# Provided material
◇ ◇ ◇

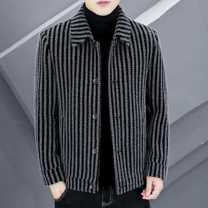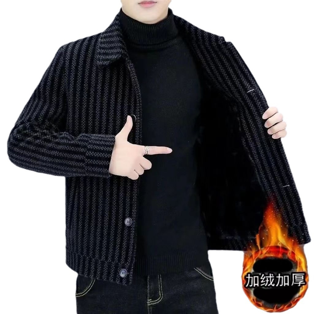 Осенне-зимнее Новое мужское пальто, Высококачественное универсальное шерстяное пальто в толстую полоску на флисовой подкладке, повседневная куртка с лацканами, теплая
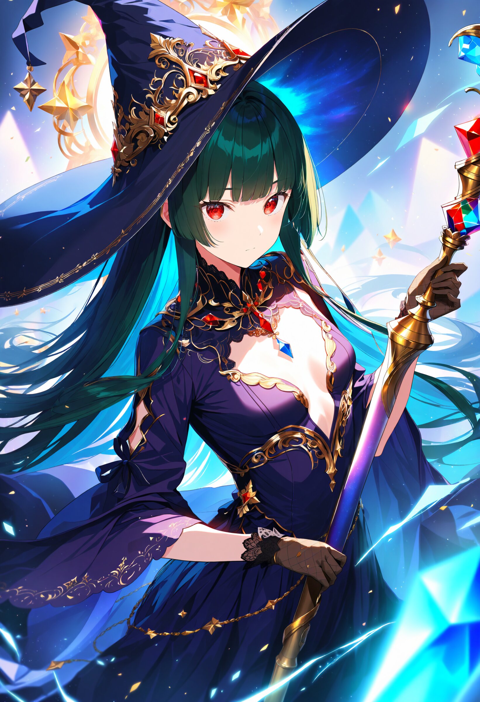 (masterpiece, best quality, ultra-detailed, high resolution, perfect anatomy, beautiful detailed eyes, beautiful detailed face),girl,dark green hair, long hair, hime cut, red eyes, small breasts, long flowing purple witch dress, wide-brimmed hat with ribbon, lace gloves, glowing magical aura, ornate staff with crystal, elegant and mysterious design
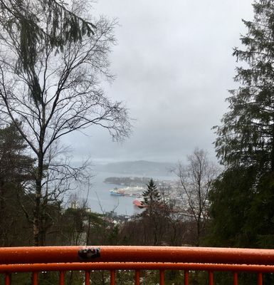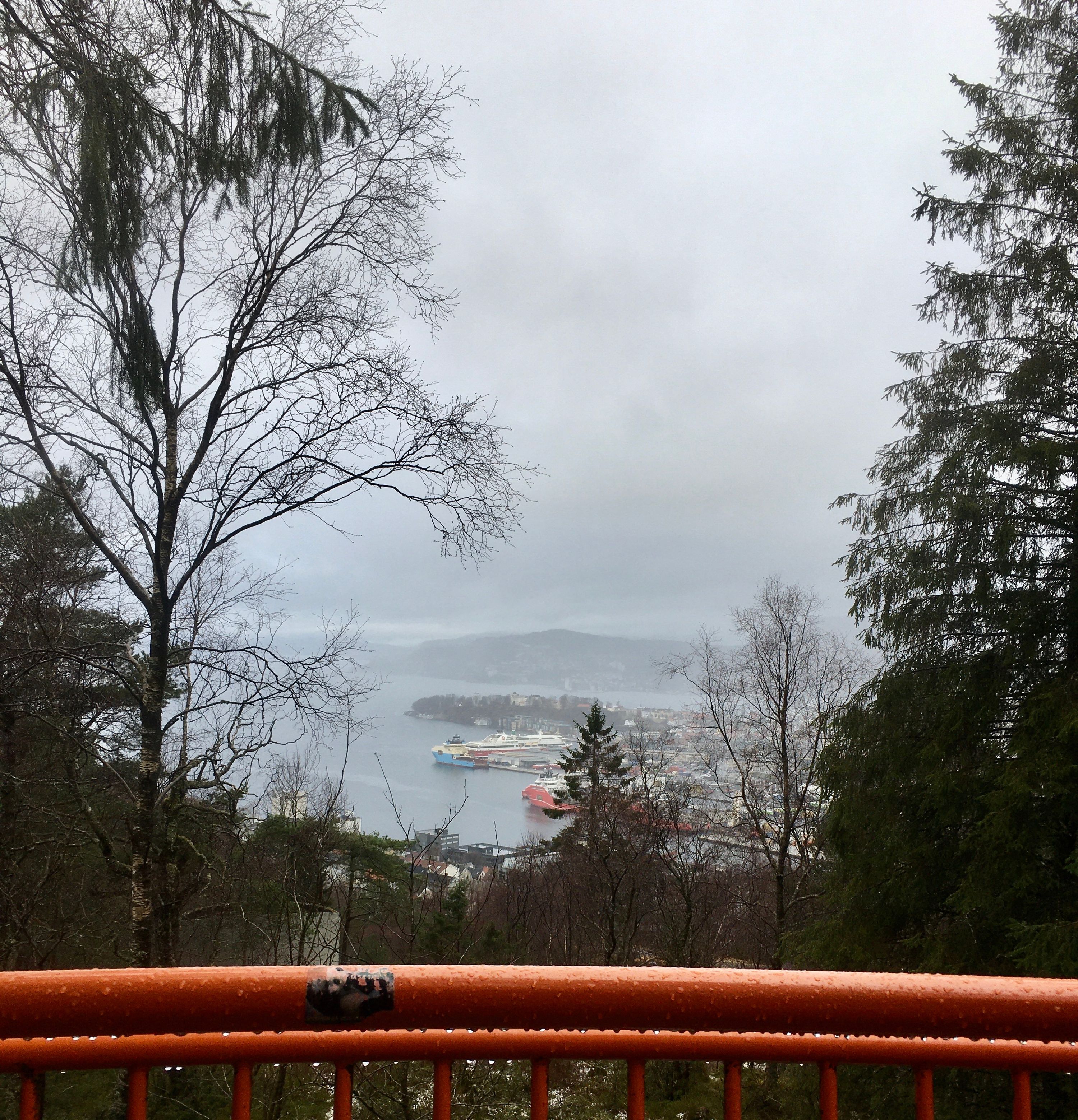 , Aussichtspunkt über norwegische Fjorde und Berge.
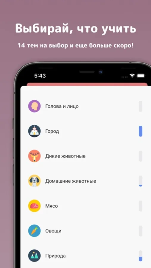 - Предлагает к обучению наборы слов популярных тематик

◇ ◇ ◇

# Brief
Give the material above again exactly as it stands, minus any images.

# Solution for this exercise
 Осенне-зимнее Новое мужское пальто, Высококачественное универсальное шерстяное пальто в толстую полоску на флисовой подкладке, повседневная куртка с лацканами, теплая
 (masterpiece, best quality, ultra-detailed, high resolution, perfect anatomy, beautiful detailed eyes, beautiful detailed face),girl,dark green hair, long hair, hime cut, red eyes, small breasts, long flowing purple witch dress, wide-brimmed hat with ribbon, lace gloves, glowing magical aura, ornate staff with crystal, elegant and mysterious design
 , Aussichtspunkt über norwegische Fjorde und Berge.
 - Предлагает к обучению наборы слов популярных тематик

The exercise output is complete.